▸ What you are asked to do:
In the material below, pictures must be dropped. Repeat exactly, and only, the lines from the line with "2024 年 12 月" to the line with "2024年4月26日江宁教授学术讲座:Weakly nonlinear-dissipative approximation", both ends included.

▸ Input material:
------------------------------------------------------------
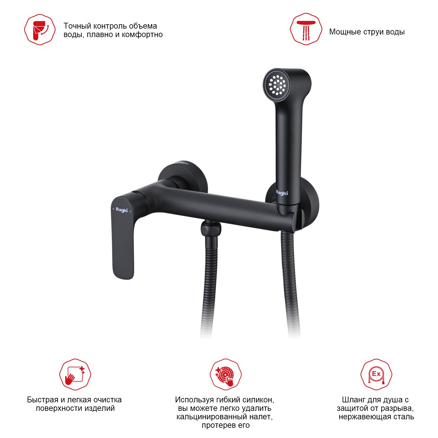 Смеситель с гигиеническим душем Raglo черный R03.51.06
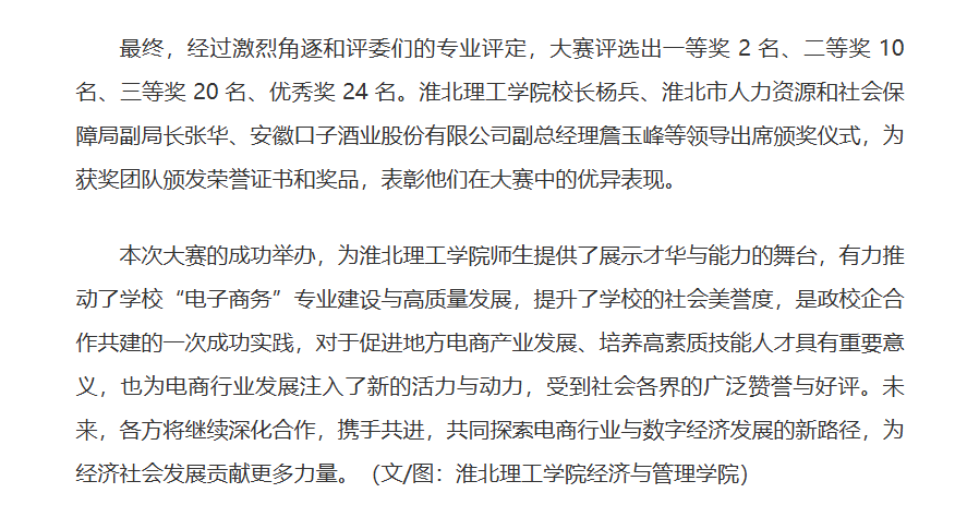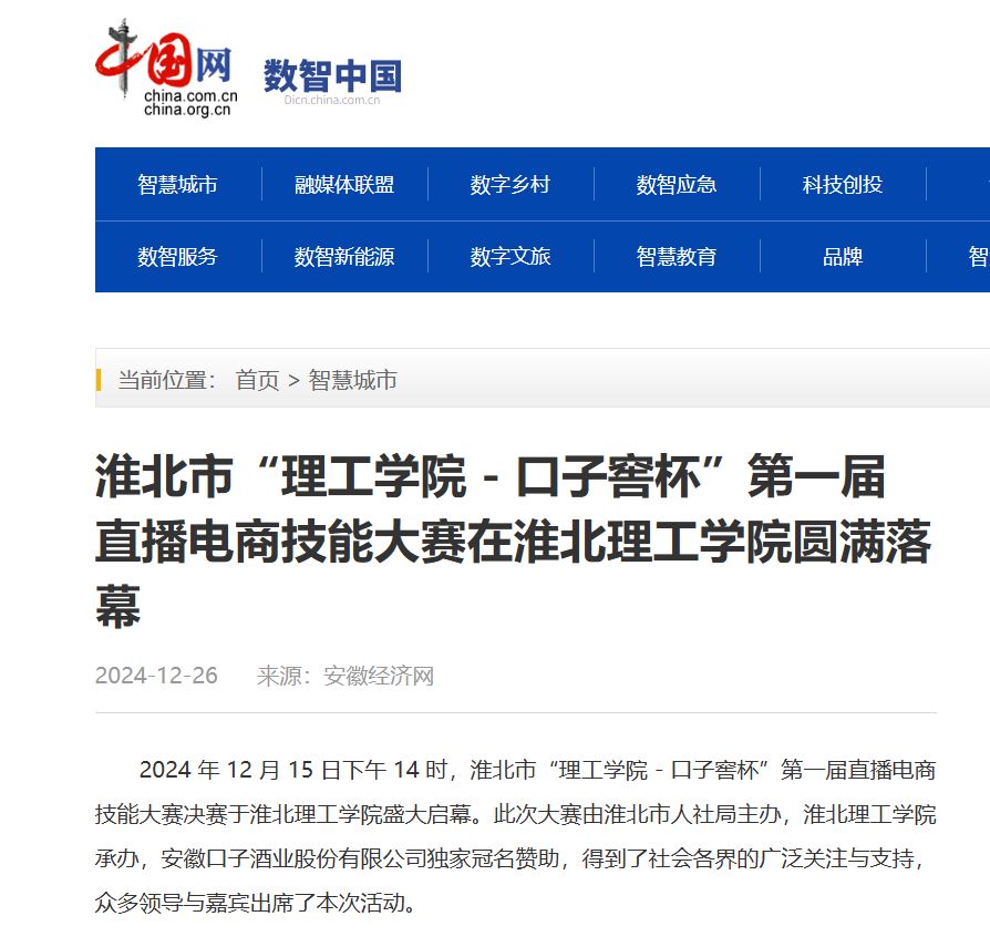 2024 年 12 月 15 日下午 14 时,淮北市“理工学院 - 口子窖杯”第一届直播电商技能大赛决赛于伟德国际victor1946官网盛大启幕。此次大赛由淮北市人社局主办,伟德国际victor1946官网承办,安徽口子酒业股份有限公司独家冠名赞助,得到了社会各界的广泛关注与支持,众多领导与嘉宾出席了本次活动。对此,中国网进行了报道:
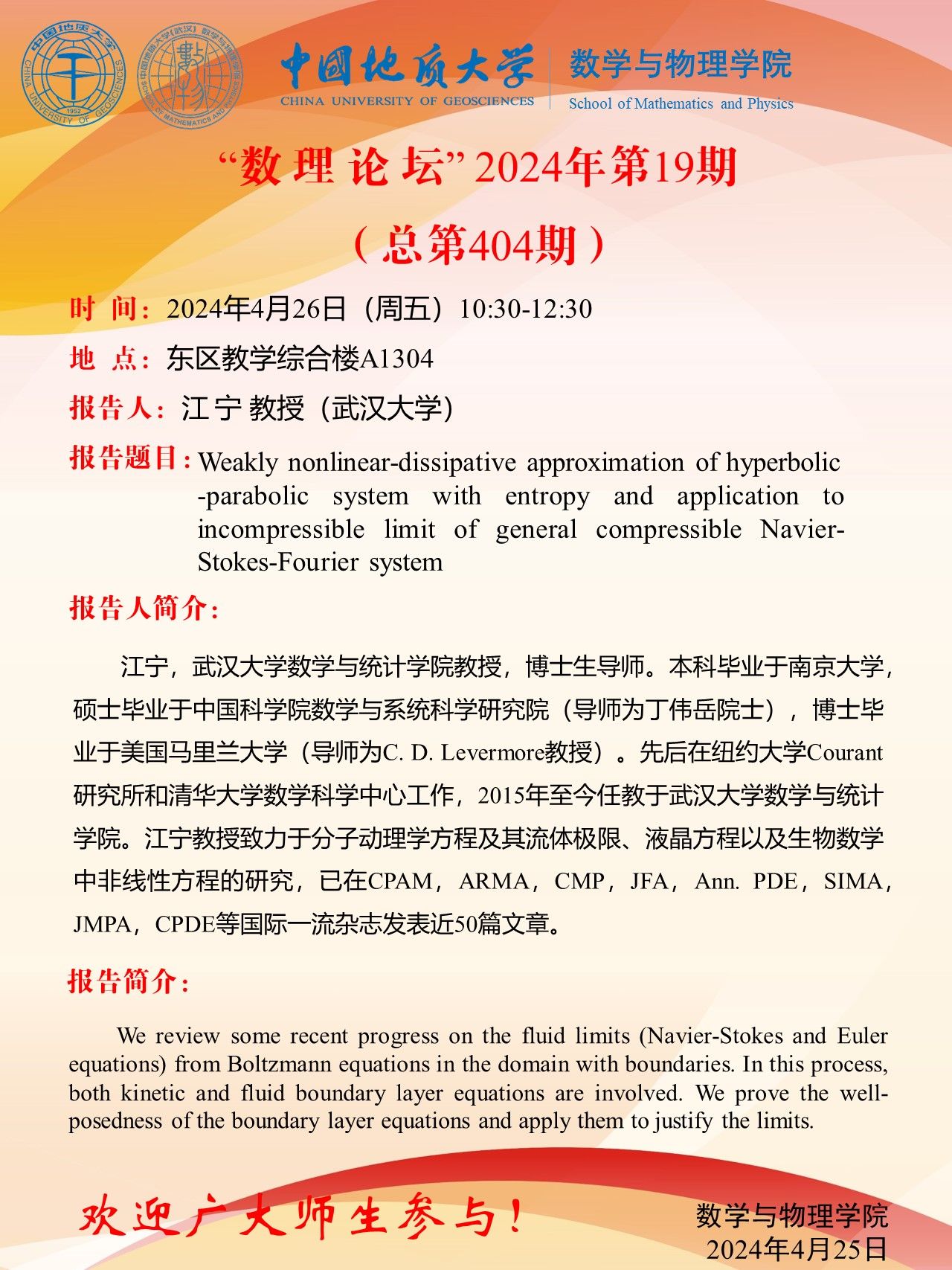 2024年4月26日江宁教授学术讲座:Weakly nonlinear-dissipative approximation of hyperbolic-parabolic system with entropy and application to incompressible limit of general compressible Navier-Stokes-Fourier system
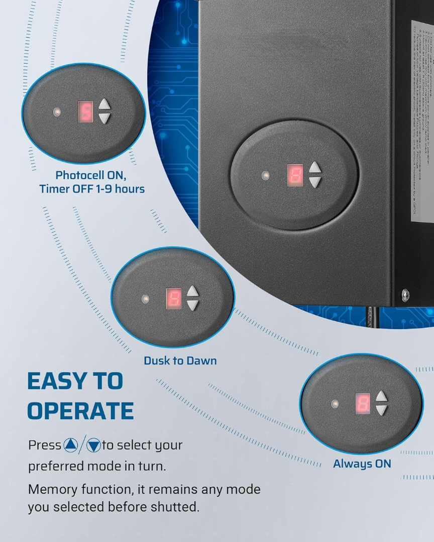 This model includes built-in mounting holes and a 3.3-foot grounded power cord for fast setup. Simply mount it on an outdoor wall or any flat surface near your lighting system. Clear mode selections—Auto, Always On, or Countdown—make it simple for any user to operate.
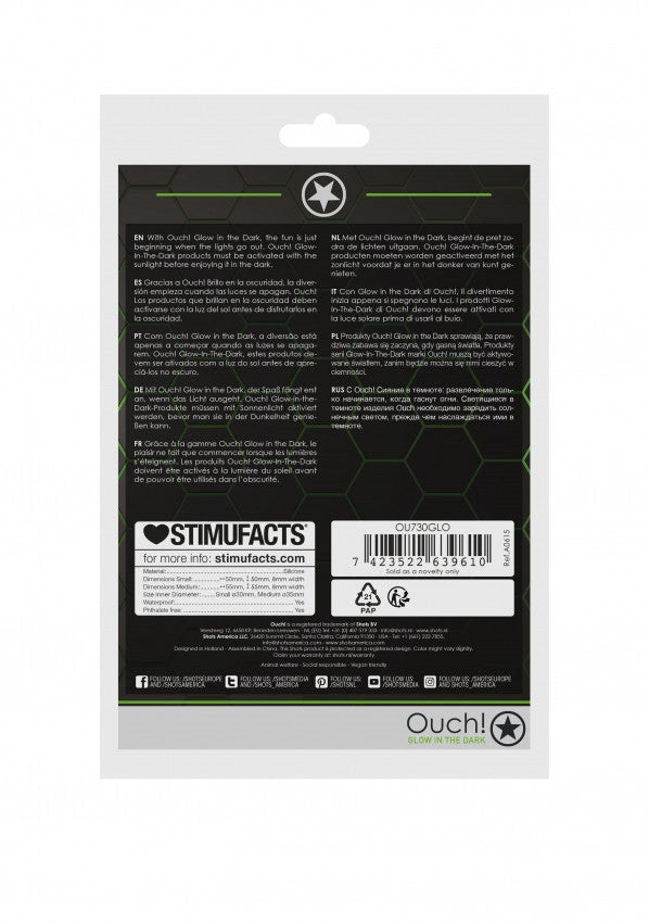 Glow-In-The-Dark di Ouch!, il futuro del bondage è qui. Progettato con un'estetica bondage autentica, ma con il piacere aggiunto delle proprietà luminescenti al buio, i dettagli in verde fluorescente trasformeranno ogni evento in qualcosa di unico. Questo set di anelli fallici contiene due anelli di dimensioni comode ed elastici. Gli anelli miglioreranno le tue prestazioni sessuali e ti offriranno tantissime possibilità grazie alla loro flessibilità. I prodotti Glow-In-The-Dark di Ouch! devono essere attivati con la luce solare prima di usarli al buio.
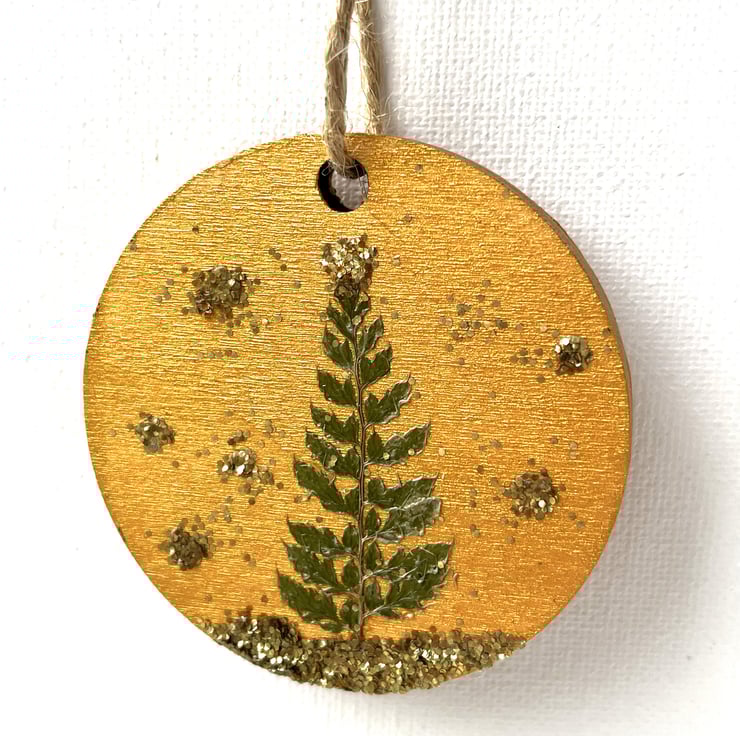 Hand painted and pressed fern wooden Christmas tree decoration. This piece is painted using artist acrylics and decorated using a real pressed ferns grown in our garden. This piece is decorated on both sides and finished with of biodegradable glitter.
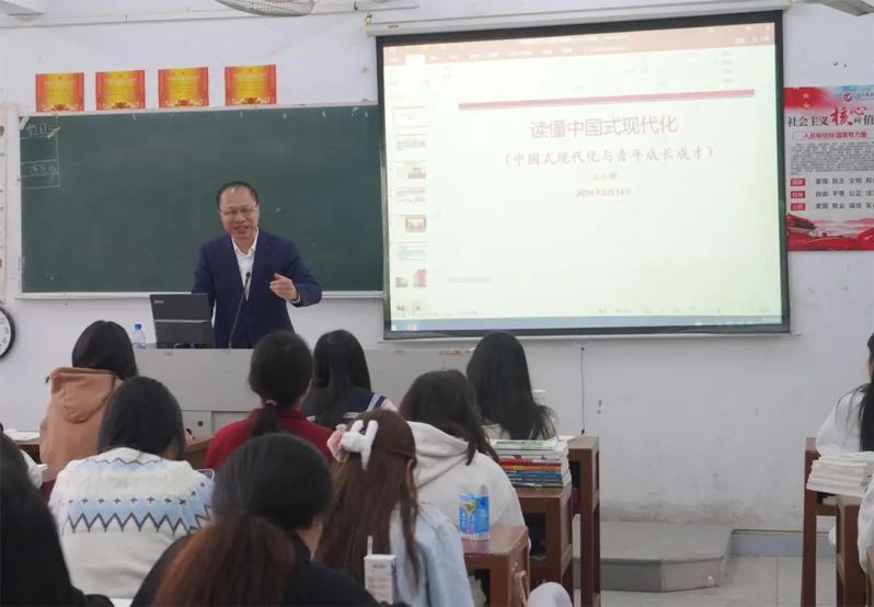 3月14日上午,王小辉以《读懂中国式现代化--中国式现代化与青年成长成才》为题,在新津校区1号楼302教室为财经商贸学院2023级市场营销专业学生讲授“思政第一课”。围绕中国共产党对中国式现代化的不懈探索,以历史逻辑和实践逻辑为切入点,带领同学们重温了中国式现代化的发展历程和理论创新,揭示中国式现代化的内在逻辑,阐述中国式现代化的科学内涵和时代意义。王小辉勉励同学们,要厚植家国情怀,涵养进取品格;树立远大理想,不负时代重托;把握好校园时光,做好人生规划;接过强国建设、民族复兴的接力棒,创造属于新青年的业绩和荣光。
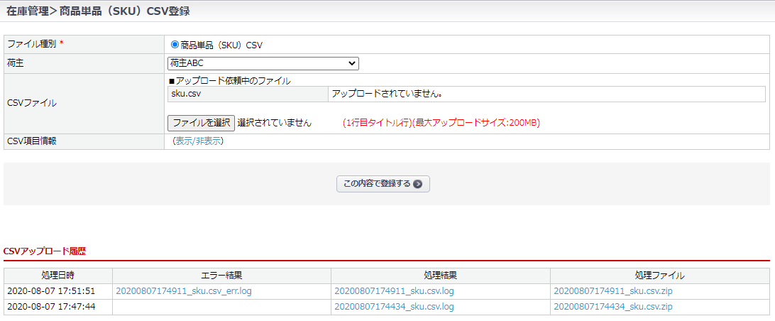 CSVアップロードが完了後は、「CSVアップロード履歴」にて処理結果をご確認いただけます。
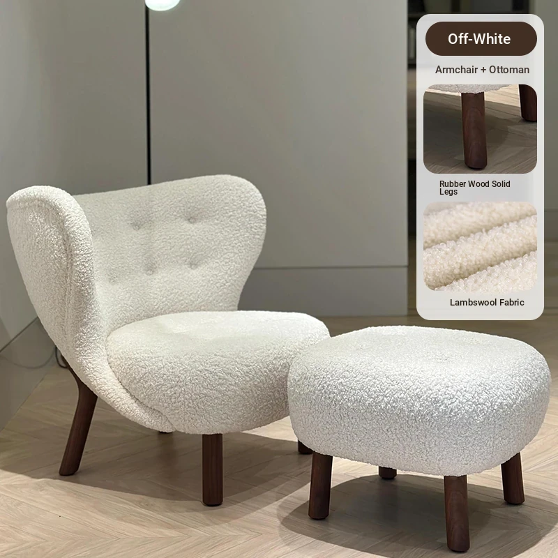 Small Petra Chair + Footrest [Off-White - Lambswool - Rubberwood Legs]
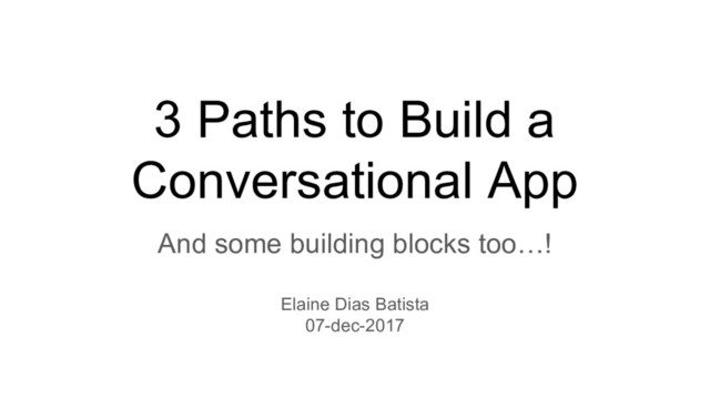 for yourself, for others? (IFTTT or not) - Do you want it to work on every possible device? (design for voice only or screen too) - Google Home (voice only) / Phone, wear, chromecast (voice + text, images) - Does your app require a natural conversation? - Automation, one shot stuff: no (IFTTT, Actions SDK) - Games, news and others: yes (Dialogflow, Actions SDK + TensorFlow) - Do you need information from your DB or an API? (Webhook) - Do you want to integrate the Assistant on your own device? (Assistant SDK) - Do you want to integrate a conversational experience on a Android or iOS app? On Slack? On Facebook messenger? (Dialogflow SDK)
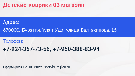 Детские коврики 03, магазин по адресу 670000, Бурятия, Улан-Удэ, улица Балтахинова, 15 в дальнейшем Организация, размещена в следующих категориях:
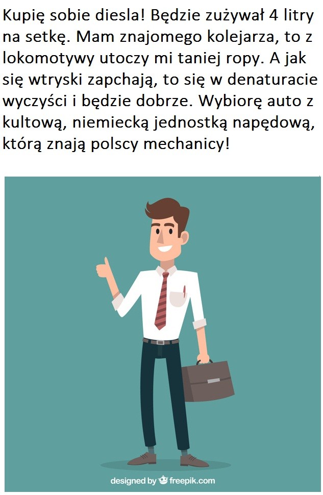 Diesel to nie jest auto dla osoby niedbałej. To samochód dla kogoś, kto nie żałuje na wymianę filtrów paliwa i powietrza, kto wykonuje dodatkowe czynności serwisowe (czyszczenie układu wtryskowego, czyszczenie DPF), kto odpowiednio eksploatuje auto z turbiną i kołem dwumasowym. Trzeba pamiętać, że większość używanych diesli, z przebiegiem 200 tys. km to wielka mina przeciwpiechotna dla nowego nabywcy.
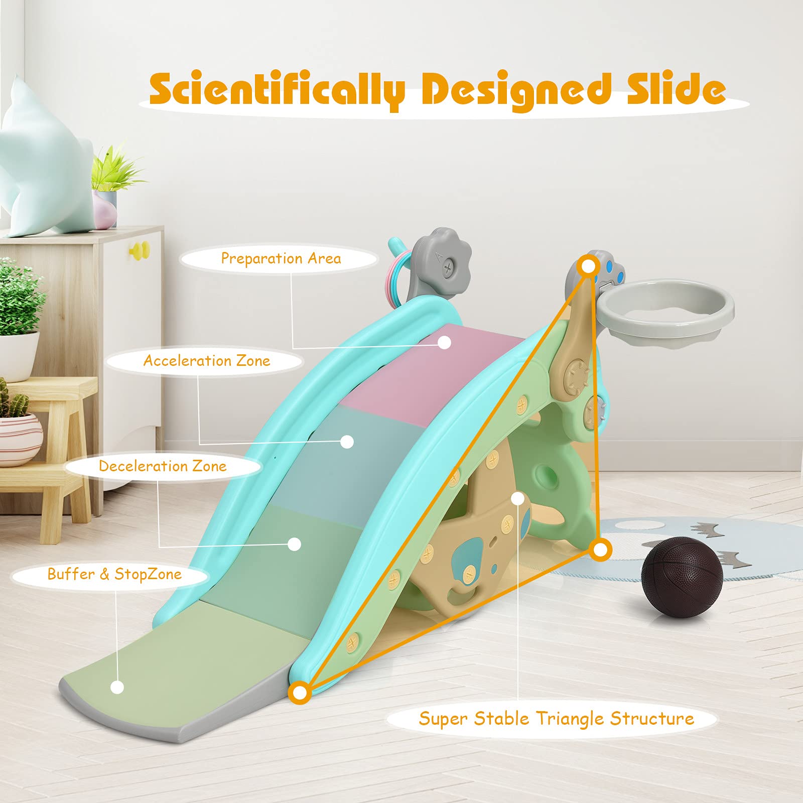 4-in-1 design with the game of sliding, swinging, basketball and ring-toss
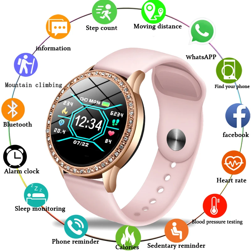 Смарт-часы женские благородные бриллиантовые часы водонепроницаемые спортивные фитнес-трекер пульсометр Монитор артериального давления Шагомер Умные часы
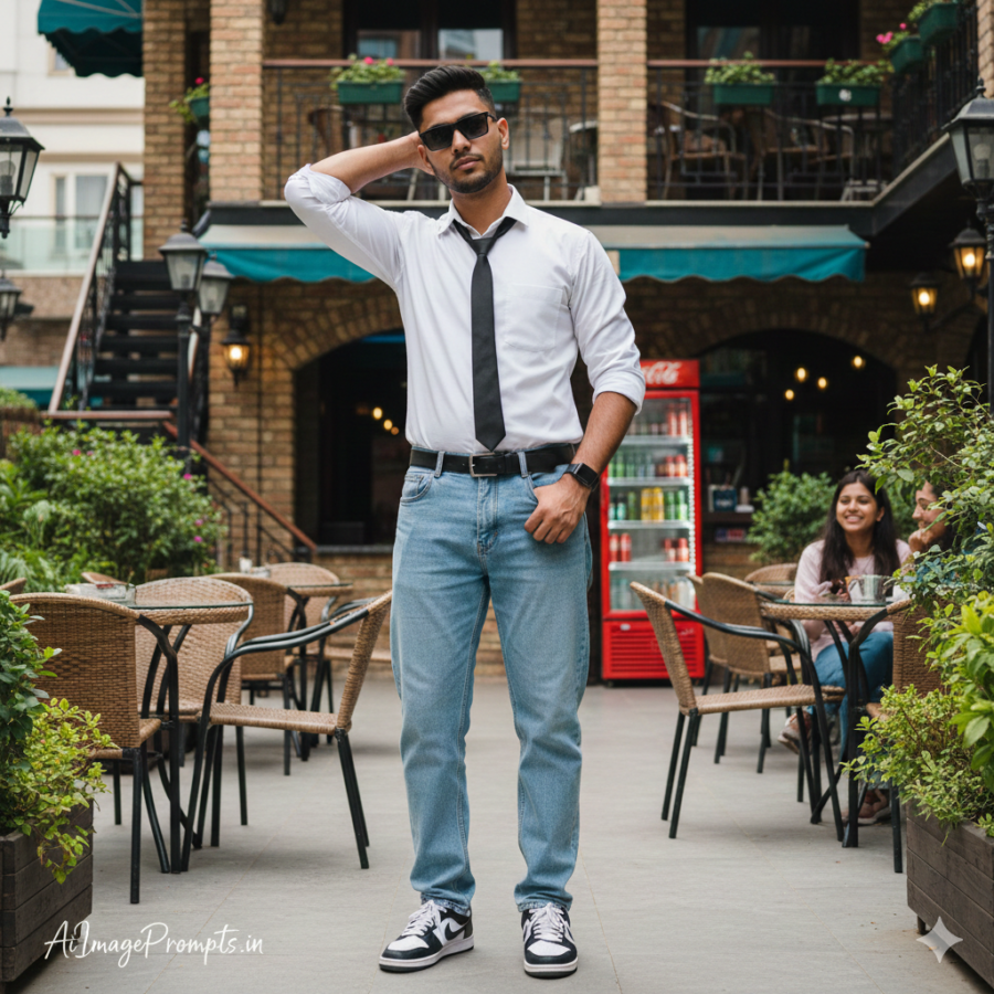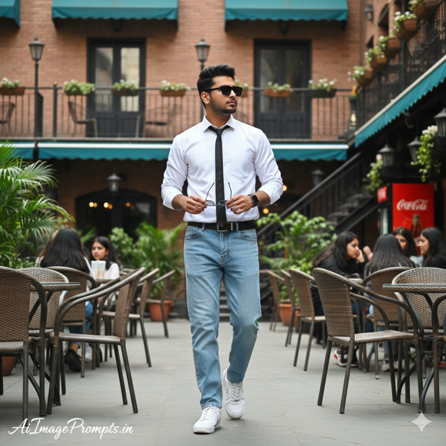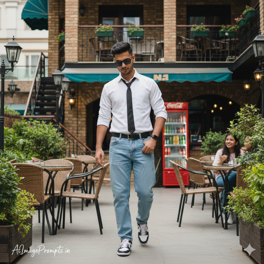 IMPORTANT – FACE LOCK Keep the subject’s face 100% original and unchanged. No face reshaping, no beauty filter, no AI facial modification. Maintain exact identity, skin texture, pores, and expression. Face must remain crystal-clear and perfectly matched. PROMPT: Create an ultra-realistic outdoor café lifestyle photograph that looks exactly like a real DSLR/mobile street photo taken during daytime. SUBJECT DETAILS: Young Indian man with average build. Natural brown skin tone with real texture. Short, tidy hairstyle. Light beard and moustache. Dark rectangular sunglasses. Confident, relaxed café presence. OUTFIT DETAILS: • White full-sleeve shirt (neatly pressed) • Slim black necktie properly adjusted • Light blue Rolax jeans • Black leather belt • Nike white sneakers • Black Apple smartwatch • Minimal, classy café styling POSE & BODY LANGUAGE: • Walking slowly through café courtyard • One hand in trouser pocket • Other hand holding sunglasses near chest • Head slightly turned sideways • Body mid-step, candid movement • Full body clearly visible EXPRESSION: Cool, composed expression. No smile. Natural human attitude. Eyes looking past the camera. BACKGROUND & ENVIRONMENT: Outdoor café seating area. Wicker chairs and round glass tables. Green plants and shrubs surrounding walkway. Multi-storey brick café building. Balconies with blue-green awnings. Outdoor staircase and railings. Decorative street lamps. Coca-Cola refrigerator visible. Girls seated at tables, watching casually. Clean tiled flooring. LIGHTING: Pure natural daylight. Soft even lighting on face. Realistic shadows on ground. No cinematic grading. CAMERA & COMPOSITION: Eye-level candid framing. Natural lens look. Everything crystal clear. 0% blur. 0% bokeh. 0% depth-of-field effects. STYLE & QUALITY: Hyper-realistic documentary photography. No filters. No beautification. Visible textures on clothes, furniture, plants. Looks like a genuine real-world café moment. TEXT / SIGNATURE: Add “AiImagePrompts.in” at the bottom-left corner, handwritten signature-style typography, thin cursive strokes, small size, subtle premium elegance, white or soft off-white color. ASPECT RATIO: 3:4 vertical
------------------------------------------------------------
▸ Result of the task:
 2024 年 12 月 15 日下午 14 时,淮北市“理工学院 - 口子窖杯”第一届直播电商技能大赛决赛于伟德国际victor1946官网盛大启幕。此次大赛由淮北市人社局主办,伟德国际victor1946官网承办,安徽口子酒业股份有限公司独家冠名赞助,得到了社会各界的广泛关注与支持,众多领导与嘉宾出席了本次活动。对此,中国网进行了报道:
 2024年4月26日江宁教授学术讲座:Weakly nonlinear-dissipative approximation of hyperbolic-parabolic system with entropy and application to incompressible limit of general compressible Navier-Stokes-Fourier system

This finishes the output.